On Being a Competitive Dancer, Professional, and Mother
I remember coming to the studio for the first time. It was not too long after I had given birth to my son. I was actually looking for a mommy and me yoga studio nearby and BOOM! There it was, my pre-mom dream, my pre-mom identity, within five steps reach.
It was a bittersweet moment, shrouded in memories of the high-level ballroom dancer I had wanted to be and the new mother I had become. I walked through the door with baby fat and flip flops, my three-month old in a stroller, and the seedling of attitude that somehow gave me the strength to ask about lessons.
It took me four months to call back, make an appointment, and acknowledge out loud what I really wanted to do.
Why was it so hard to make that call? I am a competitor. I always have been. I don’t want to train just “for fun.” I want to be a force to be reckoned with. I was not reborn when I became a mother. I thought this part of me might die after I had my son, but it didn’t even dissipate. At that point, I realized I had the very same desires, less time because I am not only a mom but also a professional, and a body that was less familiar than I would have hoped. It’s scary to have a fractured personality, to feel like you’ll fail one side of yourself if you nurture the other.

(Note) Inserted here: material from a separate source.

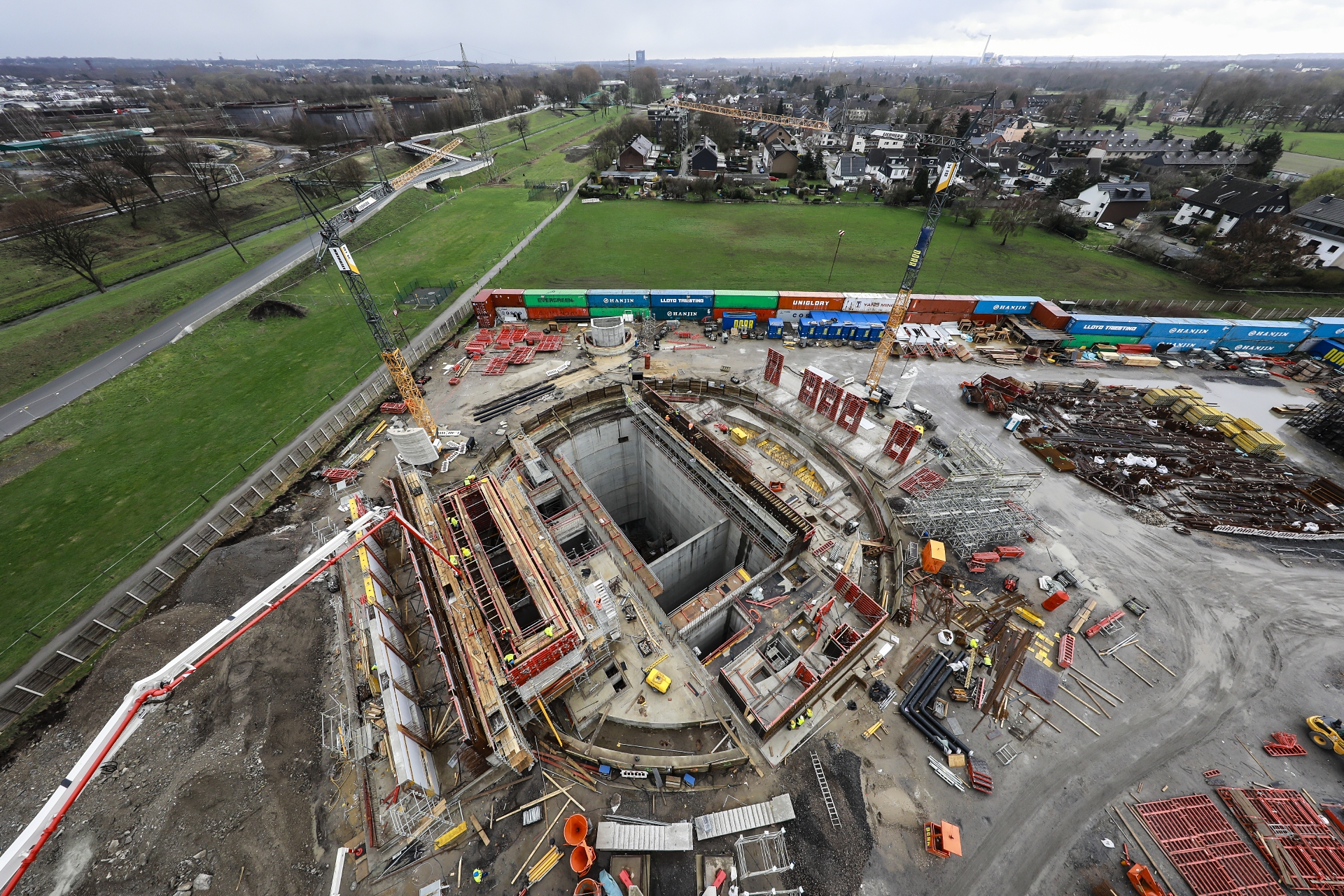 Der Bau von Deutschlands größtem Schmutzwasserpumpwerk begann bereits im Frühjahr 2016 - diese Aufnahme zeigt den Fortschritt der komplexen Bauarbeiten auf engstem Raum im Jahr 2019.

The truth is, I’m more whole now. Being a competitive ballroom dancer nourishes me as a woman, a professional, and as a mother. The dance floor is a creative space where I can reinvent myself. The studio is a place where I can recharge for my motherly and my professional roles. The ballroom is a place where I can continue my story in a way that makes sense of my multiple identities. I wish I had called sooner.